Джими Хендрикс | страница 9



Стоит добавить, что он всё же остался в группе, но ненадолго, и ушёл из–за множества разногласий.

— Я ушёл, — как сам он объясняет, — из–за «денежного непонимания» и, осев в Лос—Анжелесе, стал играть с Ike and Tina Turner. С ними, наконец–то, я смог расслабиться.

Но крушение надежд и неопределённость положения преследовали его. Это тяготило его больше, чем отсутствие денег и одежды, и не покидало даже на сцене.

— Меня распирали идеи, мозг взрывался от звуков в голове, но всё время приходилось играть какую–то чужую музыку и это приносило невыносимую боль. Меня поджаривали, и я готов был сорваться хоть в огонь с этой сковороды.

И снова Джими сорвался, на этот раз в Нью–Йорк, где его ждало ещё большее крушение надежд, несмотря на то, что работы там хватало.

— Однажды меня услышал один из братьев Айли и перелистнул страницу моей жизни. Ночевать в тех трущобах был сущий ад — крысы носились по тебе, когда ты спал, тараканы съедали твою последнюю корку хлеба. Но я играл и нас записывали.

Годами позже, когда Джими был уже на вершине, я встретился с братьями, и спросил каково их мнение. На что Ронни мне ответил:

— Особенно мне запомнилось, что Джими сходу запоминал все наши песни, ему не требовалось репетиций. Джими на сцене воспроизводил в точности те звуки, какие были записаны на пластинках. С ним было очень легко работать, он играл именно то, что мы ожидали от него услышать. Казалось, музыка исходила из него самого, казалось, ему не нужно было прикладывать никаких усилий.

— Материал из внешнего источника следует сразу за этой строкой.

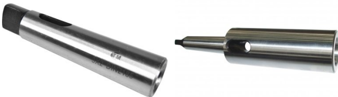
D403 Drill Extension Sleeve - Morse Taper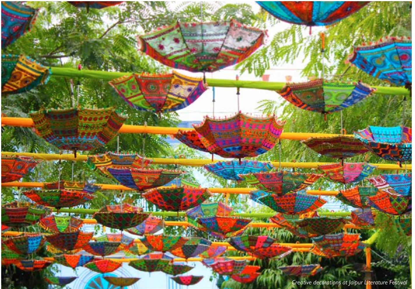
Creative decorations at Jaipur Literature Festival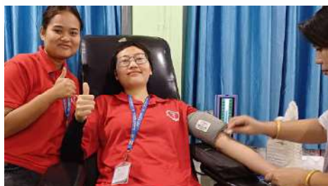
IRCS Manipur Branch together with CMC College of Nursing conducted a voluntary blood donation camp at RIMS.

IRCS Davengere district branch, Karnataka organised series of blood donation camps at several cities through the blood mobile buses donated by IRCS NHQ.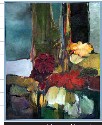
Sally Schouch (38) / Honorable Mention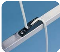
Self-locking, quick release cleats for limb ropes at each corner.

Рудольф, самый весёлый из братьев, сказал:

— Однажды, когда мы забрали Джими к себе домой в Teaneck, в Нью—Джерси… — а надо сказать, что это самый престижный район, почти недоступный для чёрных, — хорошо помню, как Джими сказал тогда, что настанет день и он позволит себе такое же, и мы верили, что это не хвастовство Джими, а истинная правда.

Но братья сошлись в том, что он произвёл на них сильное впечатление и что они до сих пор находятся под впечатлением, и более всего он поразил их своею индивидуальностью. И, в конечном счёте…

Ясно было, что его индивидуальность когда–нибудь как–то проявится, он чувствовал постоянное стеснение, находясь в рамках их группы.

— Помню, мне никак не удавалась эта злополучная фа, — рассказал он мне много позже, — мне всё время мешал мой белый шерстяной пиджак и лакированные туфли.

А вот воспоминания ещё одного музыканта о своей игре с Джими. Позднее они встретятся снова на студии в 1967 году на записи с моим участием. Звали его Рэй Лукас. Он был моим другом, через меня познакомился с Джими, играл он на ударных у ставшего потом знаменитым Кинга Куртиса.